Treasury Secretary Hank Paulson promised that money borrowed from the government and taxpayers will be the first to be repaid. Our bloggin’ brother Dave Gonigam has a poll going at The Daily Reckoning blog as to how much this fiasco will really cost… you can cast your vote, here.
Fannie and Freddie shareholders are screwed. This strange conservatorship allows the shares of each company to continue being traded. But the government has yanked all dividends, eliminated Fannie and Freddie government lobbyists and demanded the companies shrink their portfolios. Secretary Paulson said his plan places “common shareholders last in terms of claims on the assets of the enterprise.”
Fannie Mae shares opened down 84% this morning, to a puny $1.06 a share. Freddie was down 80% to 99 cents a share.
Sorry, but if you were crazy enough own these “businesses,” you deserve it. We give a particular pat on the back to “smartest guys in the room” like Bill Miller, Rich Pzena, David Dreman and Marty Whitman. These famous fund geniuses bought tens of millions of Fannie and Freddie shares this year on behalf of their loyal minions.
Bondholders can breathe easy. The U.S. government was smart enough to placate the countless foreign governments, global businesses and zillions of investors that hold Fannie and Freddie bonds. According to the Treasury, they’ll still get paid.
And Fannie and Freddie CEOs get permanent vacations and fat bonuses. Dan Mudd and Richard Syron, Fannie’s and Freddie’s CEOs, were fired today. Both have “earned” about $26 million in cash and stock compensation since 2003-2004. And according to The New York Times today, both stand to collect a total of $23 million in severance.
Mudd will be replaced by Herbert Allison -- former COO of Merrill Lynch, former John McCain finance committee head and, most recently, chairman of the mega-money management firm TIAA-CREF. Freddie Mac will now be run by David Moffett. He’s the former CFO of the subprime-slammed U.S. Bancorp and sits on the board of MBIA, among others. His latest role was as senior adviser to the Carlyle Group… a controversial hedge fund with close ties to the Bush family, the U.S. defense industry and Middle East oil.
“Hey, we’ve got an incompetent CEO too,” we imagine the board of Washington Mutual echoed this weekend. So they’d axed their man, Kerry Killinger, who had been CEO for 18 years.
Major stock markets around the world love the Fannie and Freddie bailout. The Taiwanese pushed their major index well over 5%, the best single day for their market in five years.

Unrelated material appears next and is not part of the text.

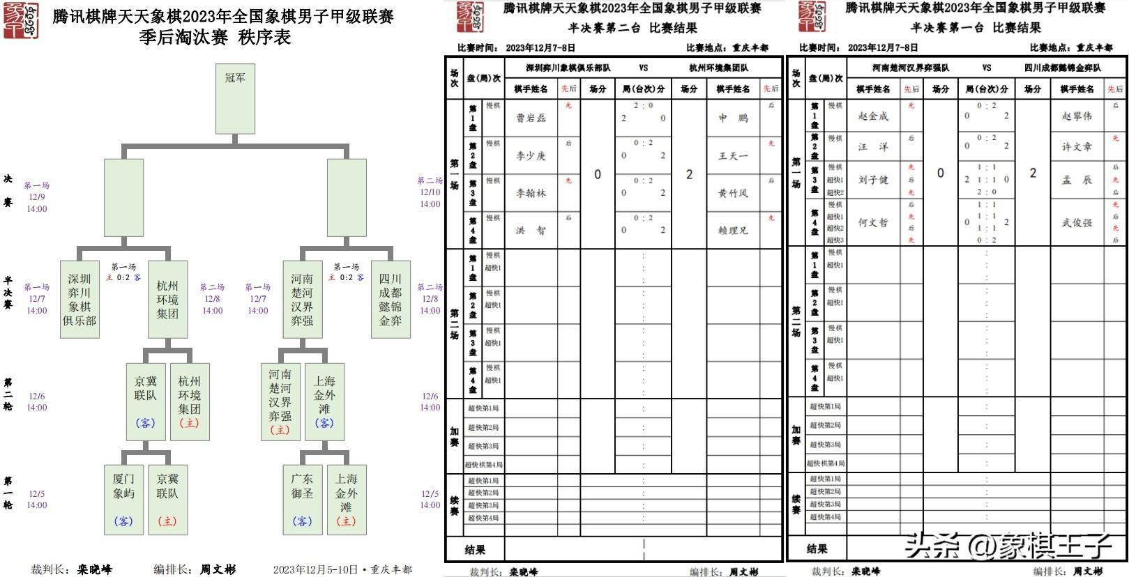 半決賽上,常規賽第一的三冠王四川成都懿錦金弈隊,挑選了過去兩年的亞軍河南楚河漢界弈強隊作爲對手。

Just about every other Asian index, save the Shanghai Composite, rose 3-4%. Chinese investors sold their major index down 2.6%, to a 21-month low. Investors there are still worried that the Chinese economy is slowing faster than anticipated.
Germany and France were psyched, too. Their big indexes rose 2.6% and 4%, respectively.
The IT geeks at the London Stock Exchange picked the worst possible day for a connectivity issue. The LSE suspended trading for three hours today, the longest halt in eight years. Not only were traders champing at the bit to trade on the Fannie/Freddie news, but the FTSE just came off its worst weekly decline in six years. For all the turmoil, the FTSE still managed to gain 3.8%.